Kubernetes and other containerization orchestration platforms are rapidly being incorporated into mainstream infrastructures. With most line-of-business applications, migrating from traditional data center technology to deployments based on containers is a discrete task and relatively straightforward. However, nothing accentuates the shortcomings of any storage approach more than scale - and when more demanding core applications like databases or fast data analytics workloads come into consideration, the matter becomes complicated.
Firstly, IT teams quickly realize that containerization imposes stricter requirements for the underlying infrastructure - including networking, storage, and fault tolerance. While Kubernetes (K8s) made a lot of progress in these areas, demanding applications remain subject to drop-offs in performance, both on-premises and in the cloud.
Secondly, the Kubernetes networking doesn't provide low and predictable latency even at medium scale for high performance applications ported to containerized environments.
Careful consideration of the required CPU, bandwidth, and storage capacity for a smooth-running IT system is always important for optimizing a deployment. However, understanding the route that data takes within the system can reveal both the potential source of lower than desired performance and its solution.
Three major approaches exist in providing storage for containerized workloads.
On-premises and co-located appliances/storage clusters. While on-premise storage is often the most feature-rich option and relatively straightforward to extend from existing infrastructure, cloud- and container-native deployments can be problematic. In these on-premises implementations, the storage lives in parallel to the Kubernetes system. K8s connects the application to the storage through a(container storage interface (CSI) plug in, which works by directly connecting the application containers to the external storage, completely bypassing the K8s-controlled network.
Container-only storage software. Solutions that were born as containers and implemented using them have the advantage of being purpose-built for containers. These products take the "feature-first" approach, which helps assure IT teams that functionality such as thin provisioning and deduping are preserved. However, performance, both at scale and in production, again hinges again on the data path. These solutions provide access to storage devices via storage controllers, themselves implemented as containers, so the whole data path passes through K8s networking, impacting latency.
Software-Defined Storage running natively in Kubernetes. Less than a dozen pure software-defined storage options exist on the market, and among them, only a handful run natively in Kubernetes. These include stand-alone bare metal software-defined storage offerings that were ported to work in Kubernetes and also support hybrid on-prem and cloud implementations.
Software-defined storage that’s native in Kubernetes takes the pluses of the above two approaches for optimal performance as well as scale. It is container-native, and depending upon the implementation, some isolate the data path from Kubernetes, so the performance is better than the CSPs in the container-only storage software approach.

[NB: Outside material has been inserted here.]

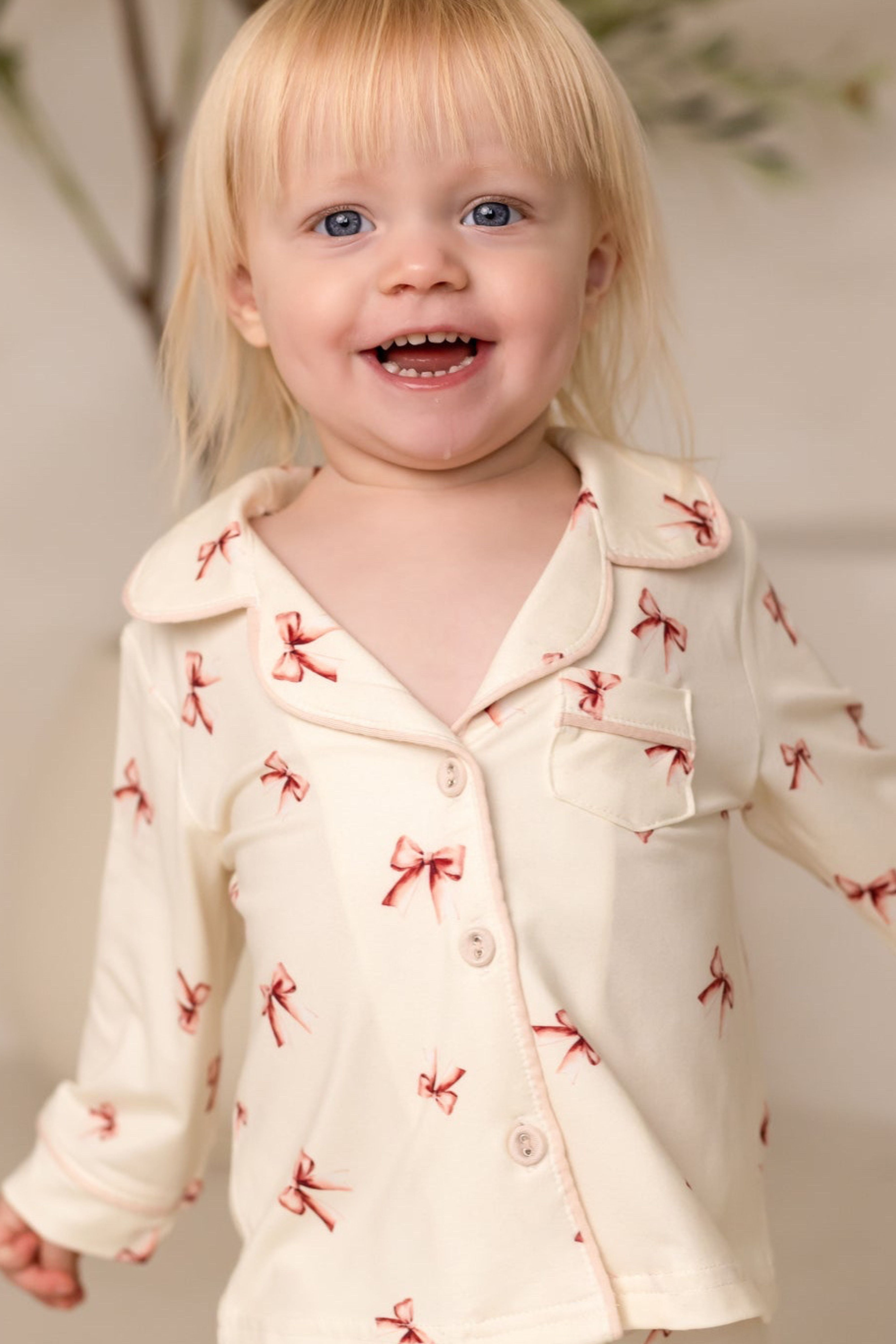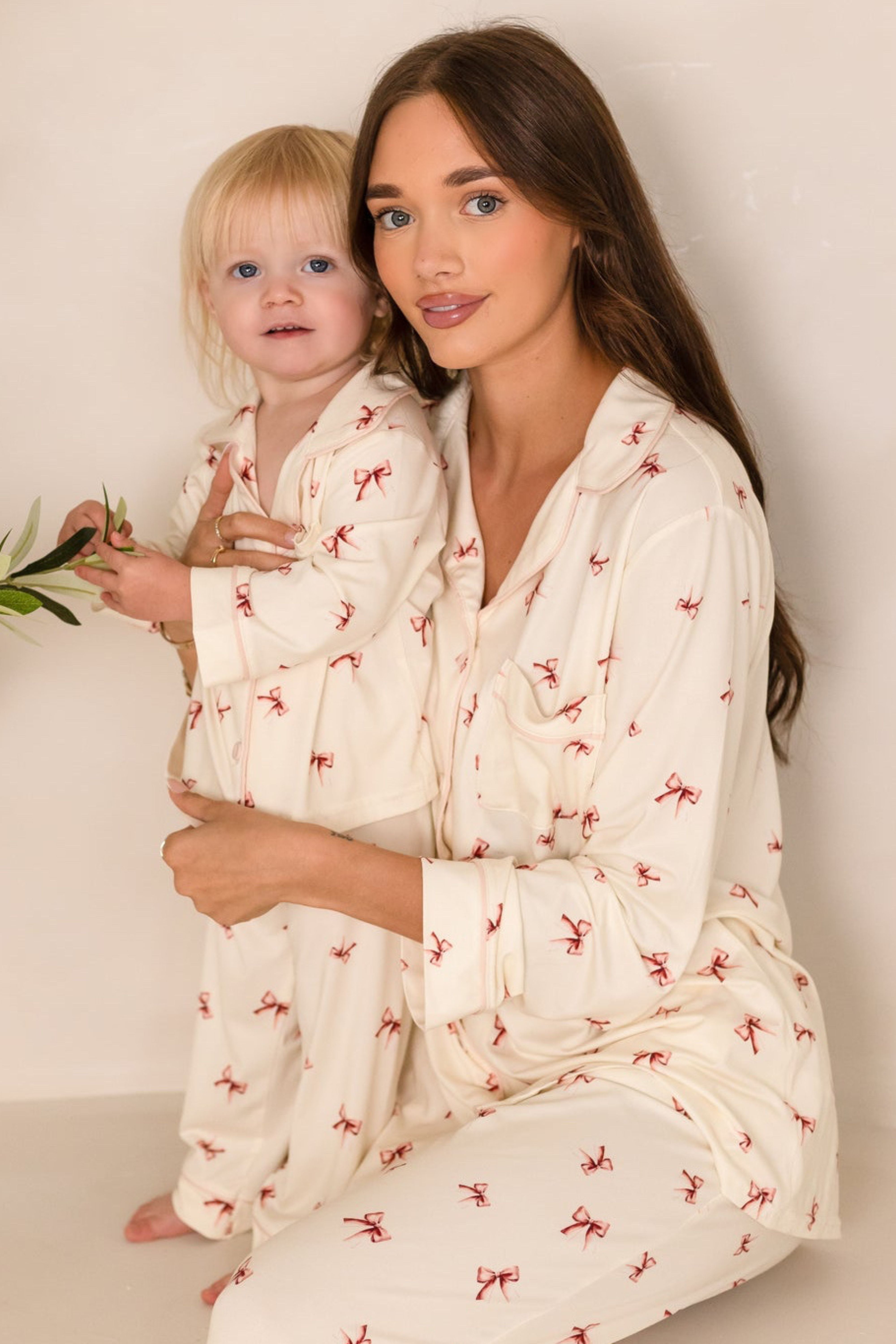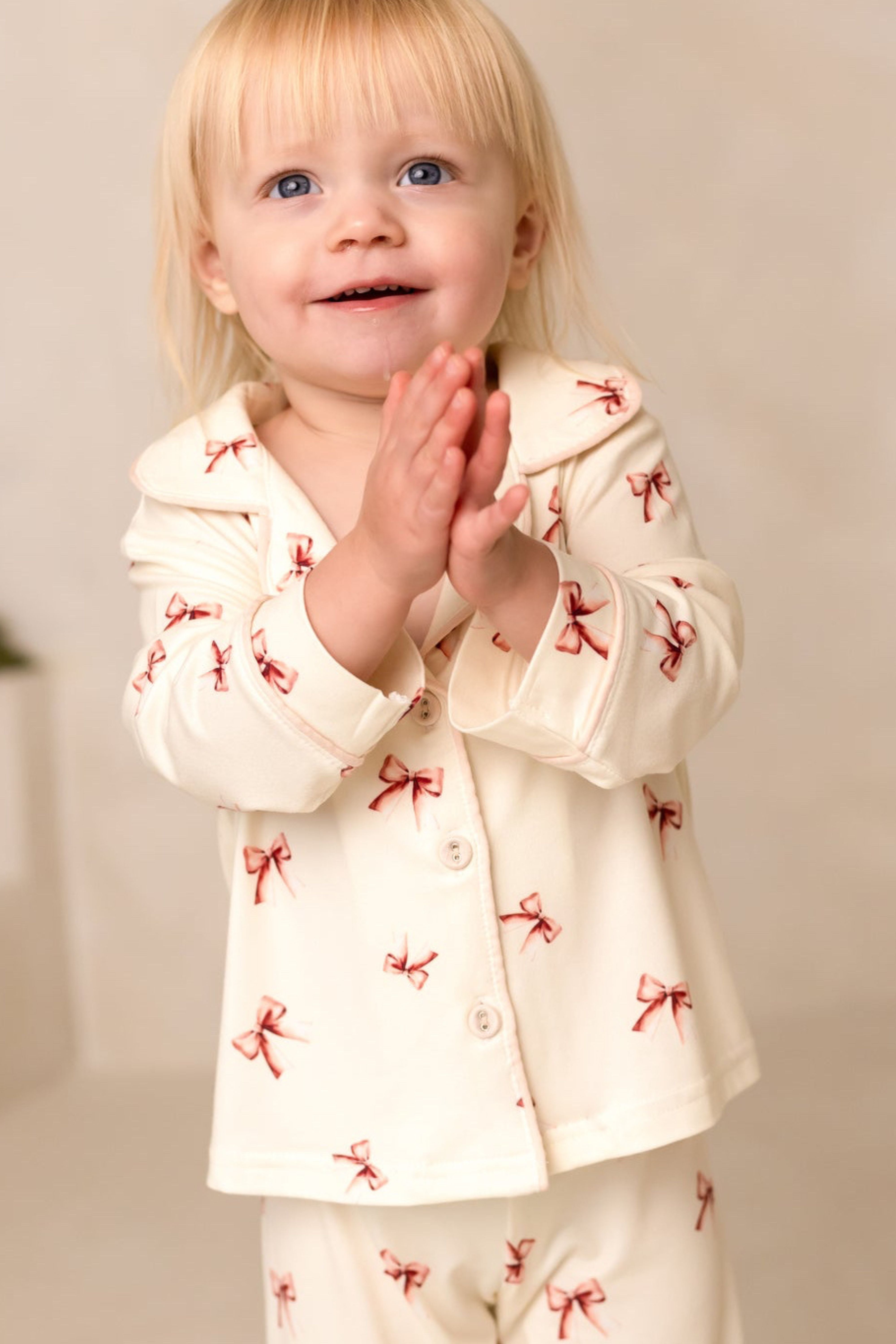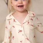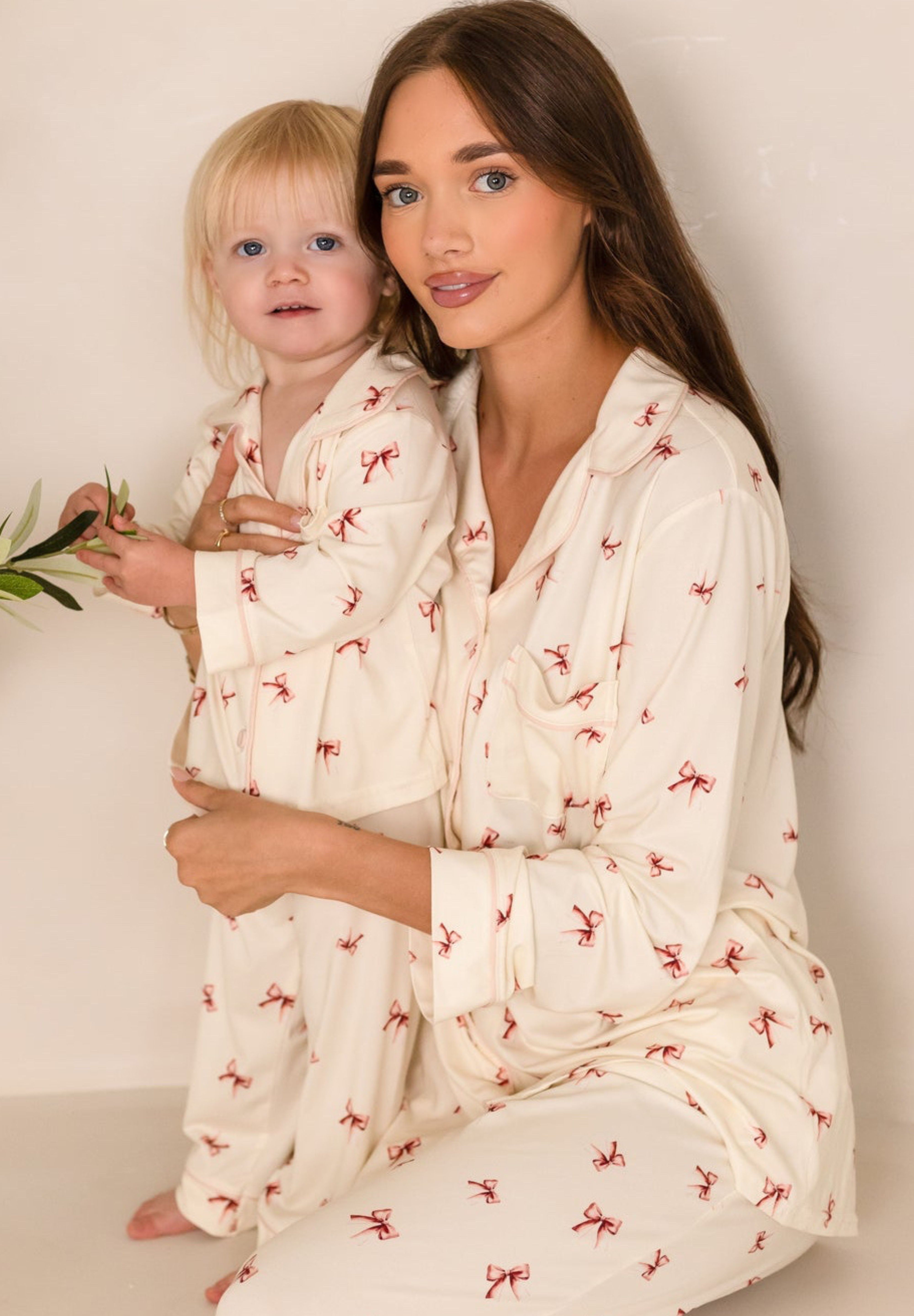 Say hello to our sweetest set yet — the Mini COZY Rosy Ribbon Pyjamas, featuring an all-over print of delicate pink bows on our signature creamy base. Perfect for bedtime cuddles, slow Sunday mornings, and twirling around the lounge, these jammies are made to feel as lovely as they look.

This enables data center architects to obtain the best of traditional on-premise architectures and container-only storage. To ensure latency predictability, the data path is beneath Kubernetes - between containers and the NVMe SSDs - moving from the kernel to the client device driver, to the target drive, and then with direct access to the NVMe drives.
In this approach, clients are completely independent with no-cross client communication required and can communicate directly with targets. This reduces the number of network hops and the number of communication lines, making the pattern acceptable for a large-scale environment, where the number of connections is a small multiple of the domain size.
Several use cases show the benefit of a software-defined approach that allows the system to run natively in Kubernetes. For example, a major telecom provider in EMEA trialed three storage approaches for an Elasticsearch in large Kubernetes. An external, iSCSI-based SDS was scalable, but the latency was in the millisecond range, resulting in much worse indexing performance, while a K8s-native storage solution couldn't keep up with the requirements of scale of hundreds of nodes. Both of these approaches resulted in a significantly worse experience for the end-users. The third approach, a scalable NVMe-based SDS used NVMe drives embedded into Kubernetes nodes, combined with native integration into K8s control and management planes, achieved significantly better performance and latency.
System architecture for NVMe-native shared storage for Kubernetes with bare-metal performance.
In another example, a tier-one Web firm ran an SDS natively in Kubernetes in a CI/CD application in a data center with tens of thousands of nodes to provide a robust control environment for compilation, building, and local testing. Figure 1 shows how the NVMe-based, client-side and scale-out architecture of the SDS enabled the transition of CI/CD workloads to K8s while preserving bare-metal performance.
When running under Kubernetes, the approach controls deployments of the client and target device drivers with privileged containers, leaving the data path unaffected by the containerized nature of the Kubernetes environment and moving all the control and management plane components to native container API-based operations. In the Tier-1 web firm's production environment, application-level performance is 15%-20% higher than in the bare-metal case, as the storage software aggregates several remote NVMe drives in a virtual volume presented to user containers running applications.
The (data) path to success
Finding the right storage to fit application needs for scalability and performance is not a one-size-fits-all endeavor. When storage architects choose storage for containers by understanding the implications of the data path, they can enable fluidity in the hybrid deployment of containerized applications. Teams then can obtain the scalable, high-performance, agile storage they sought in the first place.
Kirill Shoikhet is CTO of Excelero Storage.